The accuracy in reconstructing shape from haptic information may be partially ascribed to the geometric constraints provided by a closed shape. We tested the extent to which subjects relied on this redundant input when integrating shape information by removing the fourth line segment from haptically sensed shapes in Experiment III.
Experiment III: serial effects in haptic sensation
In Experiment III subjects traced the contours of an open 3-sided polygon and reproduced its shape using the manipulandum. As illustrated in Fig. 2, the orientation of lines 1 and 3 varied, but not their length. In contrast, the orientation of the second segment remained constant but its length varied. Right-handed subjects always traced the figure from left to right, and left-handed subjects traced it from right to left. Thus this experiment was designed to determine the extent to which serial order of the motion influenced the haptic perception of the length and orientation of each of the lines.

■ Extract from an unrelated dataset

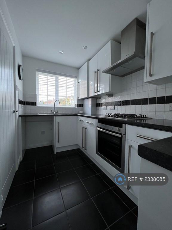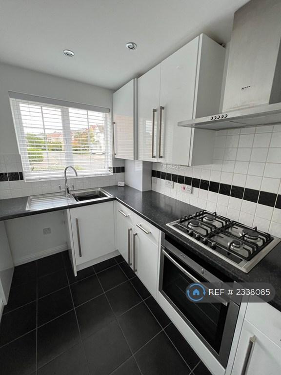KITCHEN - 10"3" X 5'10" - Symphony white gloss kitchen wall and base cupboards, with black worktop and stainless steel sink. Downlights. Integrated Neff oven and gas hob, extractor fan. Space for washing machine and fridge/freezer. Tiling to walls and floor. Newly fitted Worcester Bosch combi boiler installed 2023.

Serial ordering did affect the errors in the lengths of the reproduced lines (Fig. 11). The length of the first line tended to be reproduced accurately, whereas the lengths of the second and third segments tended to be overestimated. These errors depended on the length of the second segment. For the second segment, the error was inversely related to the length of line 2; subjects overestimated the 10-cm line more than they did the 16-cm one [F(2,1,861) = 73.69, P < 0.001], analogous to results obtained in the first 2 experiments (Fig. 6). The length of the second segment also influenced the perceived length of the third (although its actual length never varied); subjects overestimated the length of line 3 more when line 2 was longer [F(2,1,861) = 5.80, P < 0.01].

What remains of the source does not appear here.